Leaving out the images, repeat all the lines below exactly.
(RECORDS FOR THIS TASK begins)
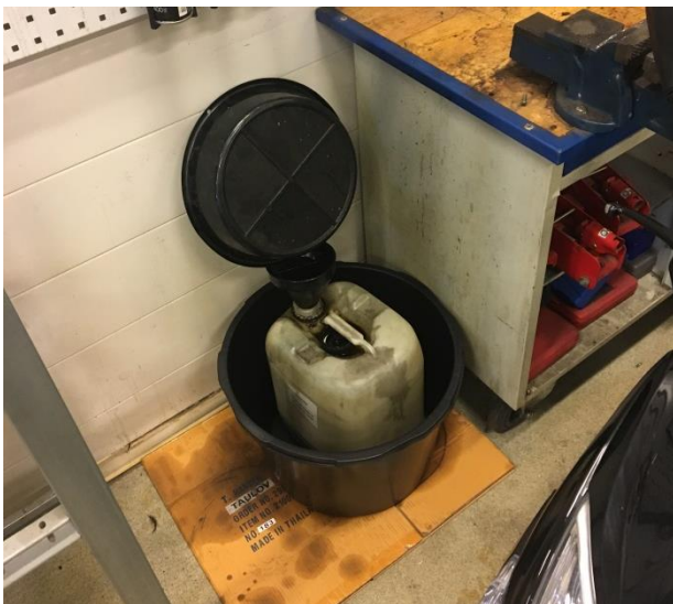
7. Eftersendt billede med ny spildbakke.
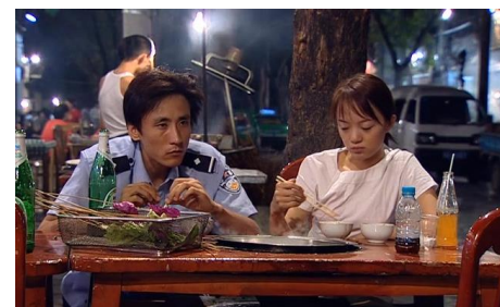
Uniform , Diao Yi'Nan, 2003

Film précédé de The Questioning de Zhu Rikun
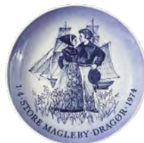
Platte fra kommunesammenlægningen Dragør/Store Magleby 1974. Sømand og skib, amagerpige og kornmark symboliserer forskelle og samarbejde.
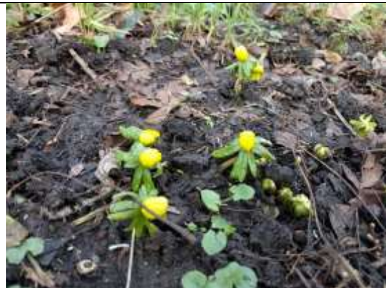
28/01, winterakoniet , Wielengahof Delft. Willemein Poot.
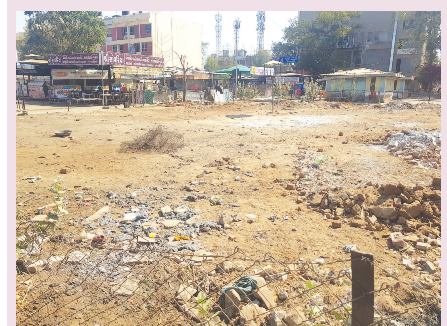
શહેરના હાઈવેમાં વિસ્તારમાં સ્થિત ખાણીપીણી બજારમાં અત્યાર સુધી ફાળવવામાં ન આવેલી દુકાનો પણ ખંડેર હાલતમાં જોવા મળી રહી છે. જ્યારે આ વિસ્તારમાં ઓપન એર થિયેટર પણ ઉપયોગના અભાવ વચ્ચે બિસ્માર જોવા મળી રહ્યો છે. ત્યારે ખાણી પીણી બજારમાં સ્થિત નાના બગીચાને પણ તંત્રની લાપરવાહીના લીધે આ બિમારી લાગી ગઈ છે. જાળવણીના અભાવે ગંદકીનુ કેન્દ્ર સ્થાન બનતા ઉદ્યાનની હરિયાળી પણ વેરાન થવા તરફ છે.
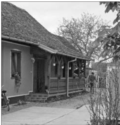
Slika 45. Trijem sličan ganku. Nepoznat vlasnik kuće.  u Baču, 2016. godine.

Iz ovih svih preinaka je vidljivo kako se nije nastojalo očuvati stare kuće već ih se, čim se bilo u financijskim mogućnostima, moderniziralo i zamijenilo
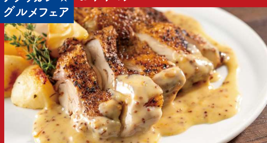
スパイシーな鶏もも肉のソテー マスタードオレンジのクリームソース
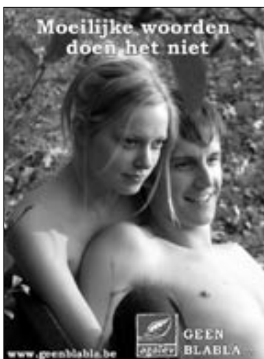
Standby Campagne: Agalev Titel: "10 voor taal"
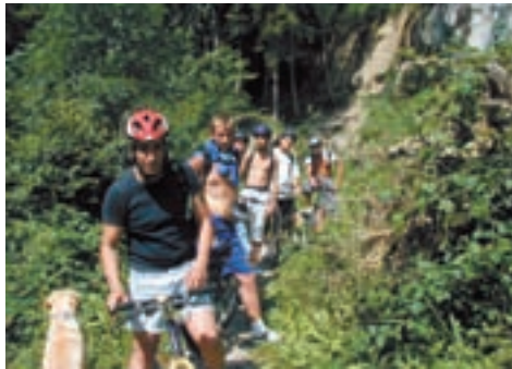
Sortie VTT, un samedi avec le groupe Evasion's.

Le groupe Evasion's: Une fois par mois les jeunes, accompagnés des éducateurs, quittent la ville d'Ecublens pour effectuer
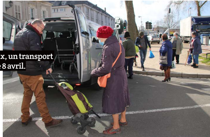
Le chauffeur dépose et reprend ses passagers à proximité du marché.

Fort du succès de ce service, le pôle seniors envisage aujourd'hui de proposer un transport vers les supermarchés fléchois. « Pour cela il
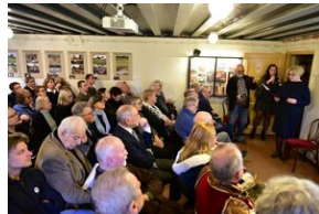
Uroczystości w 84. rocznicę pierwszej masowej deportacji obywateli polskich w głąb ZSRS.
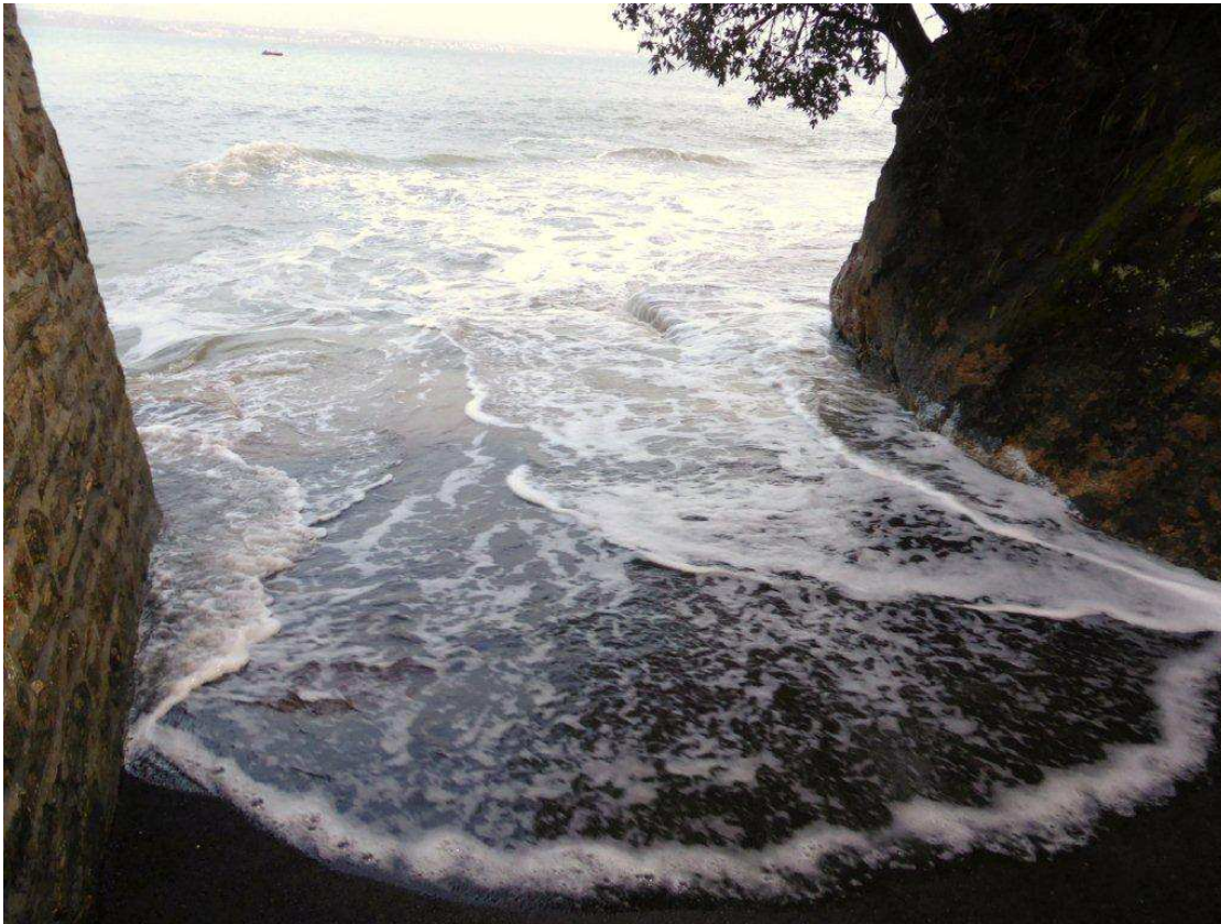
Photo 03 : 2 janvier 2014 - Les aménagements réalisés en 2013 sur la Plage des Oiseaux pour « assurer la continuité du cheminement piétonnier » sont bien entendu totalement submergés par la grande marée. Le flot remonte même dans le chemin des oiseaux, interdisant tout accès.

l'assainissement », l'ont été en fait surtout pour éviter le passage de la servitude sur 2 propriétés privées, de part et d'autre du chemin des Oiseaux.
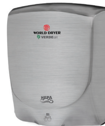
Acier inoxydable, brossé
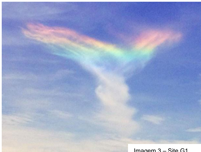
Imagem 3 – Site G1

- Muito bem vocês, vocês já ganharam vários anos mas esse não, pois eu Yuki.... Vou GANHAR quer dizer eu não, NÓS VAMOS!!
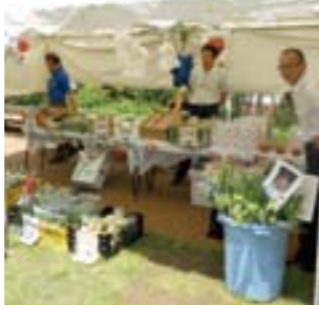
新鮮な野菜や果物の産直
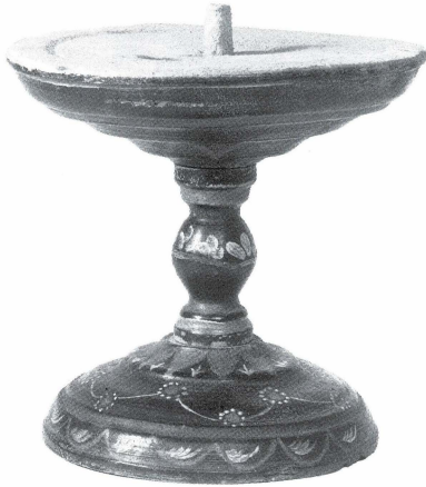
Bild 14. En smörstake från Delsbo socken i Hälsingland, svarvad och oljemålad. Lägg märke till ansvällningen på foten, som även finns i kyrkmålningarnas smörfat. Denna smörstake förvärvades 1880 av Artur Hazelius till Nordiska museet, men är troligen äldre än så.
(RECORDS FOR THIS TASK ends)
### FINISHED EXERCISE
7. Eftersendt billede med ny spildbakke.
Uniform , Diao Yi'Nan, 2003

Film précédé de The Questioning de Zhu Rikun
Platte fra kommunesammenlægningen Dragør/Store Magleby 1974. Sømand og skib, amagerpige og kornmark symboliserer forskelle og samarbejde.
28/01, winterakoniet , Wielengahof Delft. Willemein Poot.
શહેરના હાઈવેમાં વિસ્તારમાં સ્થિત ખાણીપીણી બજારમાં અત્યાર સુધી ફાળવવામાં ન આવેલી દુકાનો પણ ખંડેર હાલતમાં જોવા મળી રહી છે. જ્યારે આ વિસ્તારમાં ઓપન એર થિયેટર પણ ઉપયોગના અભાવ વચ્ચે બિસ્માર જોવા મળી રહ્યો છે. ત્યારે ખાણી પીણી બજારમાં સ્થિત નાના બગીચાને પણ તંત્રની લાપરવાહીના લીધે આ બિમારી લાગી ગઈ છે. જાળવણીના અભાવે ગંદકીનુ કેન્દ્ર સ્થાન બનતા ઉદ્યાનની હરિયાળી પણ વેરાન થવા તરફ છે.
Slika 45. Trijem sličan ganku. Nepoznat vlasnik kuće.  u Baču, 2016. godine.

Iz ovih svih preinaka je vidljivo kako se nije nastojalo očuvati stare kuće već ih se, čim se bilo u financijskim mogućnostima, moderniziralo i zamijenilo
スパイシーな鶏もも肉のソテー マスタードオレンジのクリームソース
Standby Campagne: Agalev Titel: "10 voor taal"
Sortie VTT, un samedi avec le groupe Evasion's.

Le groupe Evasion's: Une fois par mois les jeunes, accompagnés des éducateurs, quittent la ville d'Ecublens pour effectuer
Le chauffeur dépose et reprend ses passagers à proximité du marché.

Fort du succès de ce service, le pôle seniors envisage aujourd'hui de proposer un transport vers les supermarchés fléchois. « Pour cela il
Uroczystości w 84. rocznicę pierwszej masowej deportacji obywateli polskich w głąb ZSRS.
Photo 03 : 2 janvier 2014 - Les aménagements réalisés en 2013 sur la Plage des Oiseaux pour « assurer la continuité du cheminement piétonnier » sont bien entendu totalement submergés par la grande marée. Le flot remonte même dans le chemin des oiseaux, interdisant tout accès.

l'assainissement », l'ont été en fait surtout pour éviter le passage de la servitude sur 2 propriétés privées, de part et d'autre du chemin des Oiseaux.
Acier inoxydable, brossé
Imagem 3 – Site G1

- Muito bem vocês, vocês já ganharam vários anos mas esse não, pois eu Yuki.... Vou GANHAR quer dizer eu não, NÓS VAMOS!!
新鮮な野菜や果物の産直
Bild 14. En smörstake från Delsbo socken i Hälsingland, svarvad och oljemålad. Lägg märke till ansvällningen på foten, som även finns i kyrkmålningarnas smörfat. Denna smörstake förvärvades 1880 av Artur Hazelius till Nordiska museet, men är troligen äldre än så.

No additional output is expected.